Task to complete>
Please reproduce the listing in full, exactly as given.
=== Dataset records ===
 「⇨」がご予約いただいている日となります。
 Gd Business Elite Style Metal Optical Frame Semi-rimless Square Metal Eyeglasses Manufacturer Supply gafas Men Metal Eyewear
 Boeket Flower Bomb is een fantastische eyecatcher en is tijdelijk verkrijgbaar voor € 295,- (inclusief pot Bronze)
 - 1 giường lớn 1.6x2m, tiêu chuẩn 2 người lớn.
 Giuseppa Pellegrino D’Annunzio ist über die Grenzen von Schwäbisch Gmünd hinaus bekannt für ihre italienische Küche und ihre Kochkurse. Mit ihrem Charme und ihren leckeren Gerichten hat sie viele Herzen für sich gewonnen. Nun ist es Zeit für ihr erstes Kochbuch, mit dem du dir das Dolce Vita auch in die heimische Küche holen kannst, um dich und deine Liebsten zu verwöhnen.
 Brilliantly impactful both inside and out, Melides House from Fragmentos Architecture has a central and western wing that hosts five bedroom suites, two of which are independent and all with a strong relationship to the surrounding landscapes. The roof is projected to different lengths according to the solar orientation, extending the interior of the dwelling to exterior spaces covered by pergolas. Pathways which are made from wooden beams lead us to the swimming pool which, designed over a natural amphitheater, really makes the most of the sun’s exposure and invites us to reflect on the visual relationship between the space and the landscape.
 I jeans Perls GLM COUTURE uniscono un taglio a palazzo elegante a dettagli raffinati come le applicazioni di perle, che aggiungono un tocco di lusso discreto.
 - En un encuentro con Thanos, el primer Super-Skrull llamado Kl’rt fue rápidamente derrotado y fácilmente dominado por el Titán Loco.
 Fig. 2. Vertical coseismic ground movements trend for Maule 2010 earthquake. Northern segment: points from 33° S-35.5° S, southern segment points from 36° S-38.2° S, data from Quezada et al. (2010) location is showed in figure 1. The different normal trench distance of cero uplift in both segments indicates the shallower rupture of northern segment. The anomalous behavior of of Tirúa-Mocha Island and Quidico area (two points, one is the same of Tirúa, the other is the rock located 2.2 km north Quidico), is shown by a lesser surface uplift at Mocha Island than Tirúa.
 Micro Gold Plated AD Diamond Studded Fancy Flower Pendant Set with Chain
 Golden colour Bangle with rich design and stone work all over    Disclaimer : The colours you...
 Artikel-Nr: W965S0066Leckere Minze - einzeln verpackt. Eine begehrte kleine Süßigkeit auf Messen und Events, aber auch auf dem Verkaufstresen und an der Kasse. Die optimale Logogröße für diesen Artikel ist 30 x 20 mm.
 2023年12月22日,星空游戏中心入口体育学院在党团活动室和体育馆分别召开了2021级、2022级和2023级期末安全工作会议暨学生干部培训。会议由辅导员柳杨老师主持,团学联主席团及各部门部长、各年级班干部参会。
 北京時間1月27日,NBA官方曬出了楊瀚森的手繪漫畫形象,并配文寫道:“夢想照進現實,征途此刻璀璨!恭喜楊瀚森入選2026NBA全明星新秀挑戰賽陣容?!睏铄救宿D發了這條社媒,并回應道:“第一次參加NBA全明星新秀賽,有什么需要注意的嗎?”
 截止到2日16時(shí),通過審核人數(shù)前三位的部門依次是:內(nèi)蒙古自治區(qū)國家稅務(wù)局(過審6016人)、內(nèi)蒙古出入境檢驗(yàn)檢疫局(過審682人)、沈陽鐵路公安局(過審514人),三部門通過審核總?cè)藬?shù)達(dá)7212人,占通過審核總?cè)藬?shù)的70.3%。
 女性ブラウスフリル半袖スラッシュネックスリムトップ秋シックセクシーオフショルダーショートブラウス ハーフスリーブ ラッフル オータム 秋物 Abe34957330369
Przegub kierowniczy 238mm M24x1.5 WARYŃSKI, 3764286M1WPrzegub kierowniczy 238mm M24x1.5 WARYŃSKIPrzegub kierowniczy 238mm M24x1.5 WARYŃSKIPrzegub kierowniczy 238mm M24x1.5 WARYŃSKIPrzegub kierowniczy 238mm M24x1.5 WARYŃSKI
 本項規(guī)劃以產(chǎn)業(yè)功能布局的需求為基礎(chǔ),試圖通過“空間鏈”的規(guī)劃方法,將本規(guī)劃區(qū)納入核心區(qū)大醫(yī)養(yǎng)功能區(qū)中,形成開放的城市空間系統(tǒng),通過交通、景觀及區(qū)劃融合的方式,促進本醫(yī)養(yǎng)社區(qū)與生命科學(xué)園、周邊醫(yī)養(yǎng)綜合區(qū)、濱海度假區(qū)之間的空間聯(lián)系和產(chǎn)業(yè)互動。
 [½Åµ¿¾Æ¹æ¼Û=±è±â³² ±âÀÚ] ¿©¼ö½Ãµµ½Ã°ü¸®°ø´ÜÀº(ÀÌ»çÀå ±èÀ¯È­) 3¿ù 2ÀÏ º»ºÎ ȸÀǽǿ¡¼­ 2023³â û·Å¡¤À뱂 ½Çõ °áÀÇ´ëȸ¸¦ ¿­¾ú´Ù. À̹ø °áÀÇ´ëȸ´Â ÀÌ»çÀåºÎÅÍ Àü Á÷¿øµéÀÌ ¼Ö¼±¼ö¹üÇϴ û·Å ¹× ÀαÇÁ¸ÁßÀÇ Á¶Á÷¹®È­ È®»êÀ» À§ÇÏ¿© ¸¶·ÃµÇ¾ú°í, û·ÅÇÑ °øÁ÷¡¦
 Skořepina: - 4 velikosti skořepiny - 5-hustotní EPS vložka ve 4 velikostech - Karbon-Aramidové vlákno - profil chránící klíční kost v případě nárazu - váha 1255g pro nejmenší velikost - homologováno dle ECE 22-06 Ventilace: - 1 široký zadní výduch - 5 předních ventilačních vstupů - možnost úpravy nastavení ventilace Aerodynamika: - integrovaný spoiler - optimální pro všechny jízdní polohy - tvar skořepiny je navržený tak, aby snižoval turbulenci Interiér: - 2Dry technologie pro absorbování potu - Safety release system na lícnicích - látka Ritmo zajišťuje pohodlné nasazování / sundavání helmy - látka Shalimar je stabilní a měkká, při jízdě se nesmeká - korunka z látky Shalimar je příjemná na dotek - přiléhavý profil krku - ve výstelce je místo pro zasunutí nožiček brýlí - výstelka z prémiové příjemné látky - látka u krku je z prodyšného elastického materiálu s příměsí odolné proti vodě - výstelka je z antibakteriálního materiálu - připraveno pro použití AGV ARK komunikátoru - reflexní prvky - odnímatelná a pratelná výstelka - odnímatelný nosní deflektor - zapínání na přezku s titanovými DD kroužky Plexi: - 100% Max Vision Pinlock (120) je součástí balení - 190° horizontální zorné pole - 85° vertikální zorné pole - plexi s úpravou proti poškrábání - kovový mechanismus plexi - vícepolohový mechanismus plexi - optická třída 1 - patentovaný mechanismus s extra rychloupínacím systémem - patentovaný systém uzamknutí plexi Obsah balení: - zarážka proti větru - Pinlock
===
Answer to this task>
 「⇨」がご予約いただいている日となります。
 Gd Business Elite Style Metal Optical Frame Semi-rimless Square Metal Eyeglasses Manufacturer Supply gafas Men Metal Eyewear
 Boeket Flower Bomb is een fantastische eyecatcher en is tijdelijk verkrijgbaar voor € 295,- (inclusief pot Bronze)
 - 1 giường lớn 1.6x2m, tiêu chuẩn 2 người lớn.
 Giuseppa Pellegrino D’Annunzio ist über die Grenzen von Schwäbisch Gmünd hinaus bekannt für ihre italienische Küche und ihre Kochkurse. Mit ihrem Charme und ihren leckeren Gerichten hat sie viele Herzen für sich gewonnen. Nun ist es Zeit für ihr erstes Kochbuch, mit dem du dir das Dolce Vita auch in die heimische Küche holen kannst, um dich und deine Liebsten zu verwöhnen.
 Brilliantly impactful both inside and out, Melides House from Fragmentos Architecture has a central and western wing that hosts five bedroom suites, two of which are independent and all with a strong relationship to the surrounding landscapes. The roof is projected to different lengths according to the solar orientation, extending the interior of the dwelling to exterior spaces covered by pergolas. Pathways which are made from wooden beams lead us to the swimming pool which, designed over a natural amphitheater, really makes the most of the sun’s exposure and invites us to reflect on the visual relationship between the space and the landscape.
 I jeans Perls GLM COUTURE uniscono un taglio a palazzo elegante a dettagli raffinati come le applicazioni di perle, che aggiungono un tocco di lusso discreto.
 - En un encuentro con Thanos, el primer Super-Skrull llamado Kl’rt fue rápidamente derrotado y fácilmente dominado por el Titán Loco.
 Fig. 2. Vertical coseismic ground movements trend for Maule 2010 earthquake. Northern segment: points from 33° S-35.5° S, southern segment points from 36° S-38.2° S, data from Quezada et al. (2010) location is showed in figure 1. The different normal trench distance of cero uplift in both segments indicates the shallower rupture of northern segment. The anomalous behavior of of Tirúa-Mocha Island and Quidico area (two points, one is the same of Tirúa, the other is the rock located 2.2 km north Quidico), is shown by a lesser surface uplift at Mocha Island than Tirúa.
 Micro Gold Plated AD Diamond Studded Fancy Flower Pendant Set with Chain
 Golden colour Bangle with rich design and stone work all over    Disclaimer : The colours you...
 Artikel-Nr: W965S0066Leckere Minze - einzeln verpackt. Eine begehrte kleine Süßigkeit auf Messen und Events, aber auch auf dem Verkaufstresen und an der Kasse. Die optimale Logogröße für diesen Artikel ist 30 x 20 mm.
 2023年12月22日,星空游戏中心入口体育学院在党团活动室和体育馆分别召开了2021级、2022级和2023级期末安全工作会议暨学生干部培训。会议由辅导员柳杨老师主持,团学联主席团及各部门部长、各年级班干部参会。
 北京時間1月27日,NBA官方曬出了楊瀚森的手繪漫畫形象,并配文寫道:“夢想照進現實,征途此刻璀璨!恭喜楊瀚森入選2026NBA全明星新秀挑戰賽陣容?!睏铄救宿D發了這條社媒,并回應道:“第一次參加NBA全明星新秀賽,有什么需要注意的嗎?”
 截止到2日16時(shí),通過審核人數(shù)前三位的部門依次是:內(nèi)蒙古自治區(qū)國家稅務(wù)局(過審6016人)、內(nèi)蒙古出入境檢驗(yàn)檢疫局(過審682人)、沈陽鐵路公安局(過審514人),三部門通過審核總?cè)藬?shù)達(dá)7212人,占通過審核總?cè)藬?shù)的70.3%。
 女性ブラウスフリル半袖スラッシュネックスリムトップ秋シックセクシーオフショルダーショートブラウス ハーフスリーブ ラッフル オータム 秋物 Abe34957330369
Przegub kierowniczy 238mm M24x1.5 WARYŃSKI, 3764286M1WPrzegub kierowniczy 238mm M24x1.5 WARYŃSKIPrzegub kierowniczy 238mm M24x1.5 WARYŃSKIPrzegub kierowniczy 238mm M24x1.5 WARYŃSKIPrzegub kierowniczy 238mm M24x1.5 WARYŃSKI
 本項規(guī)劃以產(chǎn)業(yè)功能布局的需求為基礎(chǔ),試圖通過“空間鏈”的規(guī)劃方法,將本規(guī)劃區(qū)納入核心區(qū)大醫(yī)養(yǎng)功能區(qū)中,形成開放的城市空間系統(tǒng),通過交通、景觀及區(qū)劃融合的方式,促進本醫(yī)養(yǎng)社區(qū)與生命科學(xué)園、周邊醫(yī)養(yǎng)綜合區(qū)、濱海度假區(qū)之間的空間聯(lián)系和產(chǎn)業(yè)互動。
 [½Åµ¿¾Æ¹æ¼Û=±è±â³² ±âÀÚ] ¿©¼ö½Ãµµ½Ã°ü¸®°ø´ÜÀº(ÀÌ»çÀå ±èÀ¯È­) 3¿ù 2ÀÏ º»ºÎ ȸÀǽǿ¡¼­ 2023³â û·Å¡¤À뱂 ½Çõ °áÀÇ´ëȸ¸¦ ¿­¾ú´Ù. À̹ø °áÀÇ´ëȸ´Â ÀÌ»çÀåºÎÅÍ Àü Á÷¿øµéÀÌ ¼Ö¼±¼ö¹üÇϴ û·Å ¹× ÀαÇÁ¸ÁßÀÇ Á¶Á÷¹®È­ È®»êÀ» À§ÇÏ¿© ¸¶·ÃµÇ¾ú°í, û·ÅÇÑ °øÁ÷¡¦
 Skořepina: - 4 velikosti skořepiny - 5-hustotní EPS vložka ve 4 velikostech - Karbon-Aramidové vlákno - profil chránící klíční kost v případě nárazu - váha 1255g pro nejmenší velikost - homologováno dle ECE 22-06 Ventilace: - 1 široký zadní výduch - 5 předních ventilačních vstupů - možnost úpravy nastavení ventilace Aerodynamika: - integrovaný spoiler - optimální pro všechny jízdní polohy - tvar skořepiny je navržený tak, aby snižoval turbulenci Interiér: - 2Dry technologie pro absorbování potu - Safety release system na lícnicích - látka Ritmo zajišťuje pohodlné nasazování / sundavání helmy - látka Shalimar je stabilní a měkká, při jízdě se nesmeká - korunka z látky Shalimar je příjemná na dotek - přiléhavý profil krku - ve výstelce je místo pro zasunutí nožiček brýlí - výstelka z prémiové příjemné látky - látka u krku je z prodyšného elastického materiálu s příměsí odolné proti vodě - výstelka je z antibakteriálního materiálu - připraveno pro použití AGV ARK komunikátoru - reflexní prvky - odnímatelná a pratelná výstelka - odnímatelný nosní deflektor - zapínání na přezku s titanovými DD kroužky Plexi: - 100% Max Vision Pinlock (120) je součástí balení - 190° horizontální zorné pole - 85° vertikální zorné pole - plexi s úpravou proti poškrábání - kovový mechanismus plexi - vícepolohový mechanismus plexi - optická třída 1 - patentovaný mechanismus s extra rychloupínacím systémem - patentovaný systém uzamknutí plexi Obsah balení: - zarážka proti větru - Pinlock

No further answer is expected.